- [RECORDED INFORMATION]:
----
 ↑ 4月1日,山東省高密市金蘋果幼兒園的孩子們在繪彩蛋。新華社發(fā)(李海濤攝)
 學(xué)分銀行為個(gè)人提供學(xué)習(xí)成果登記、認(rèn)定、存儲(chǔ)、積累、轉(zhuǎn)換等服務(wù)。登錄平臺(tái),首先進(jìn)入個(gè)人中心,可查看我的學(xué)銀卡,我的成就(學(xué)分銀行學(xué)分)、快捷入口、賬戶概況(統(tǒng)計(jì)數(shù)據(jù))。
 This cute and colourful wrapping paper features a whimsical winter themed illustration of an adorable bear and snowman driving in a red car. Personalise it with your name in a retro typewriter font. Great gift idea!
----
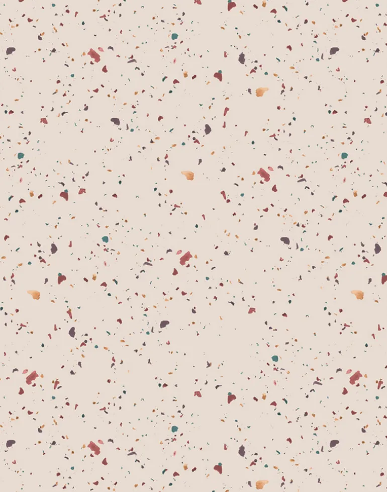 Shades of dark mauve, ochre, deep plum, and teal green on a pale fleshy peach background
----
- [PROBLEM DESCRIPTION]: Quote the data above from the line containing "學(xué)分銀行為個(gè" to the line containing "This cute and", inclusive, and stop.

- [RESULT FOR THIS TASK]:
 學(xué)分銀行為個(gè)人提供學(xué)習(xí)成果登記、認(rèn)定、存儲(chǔ)、積累、轉(zhuǎn)換等服務(wù)。登錄平臺(tái),首先進(jìn)入個(gè)人中心,可查看我的學(xué)銀卡,我的成就(學(xué)分銀行學(xué)分)、快捷入口、賬戶概況(統(tǒng)計(jì)數(shù)據(jù))。
 This cute and colourful wrapping paper features a whimsical winter themed illustration of an adorable bear and snowman driving in a red car. Personalise it with your name in a retro typewriter font. Great gift idea!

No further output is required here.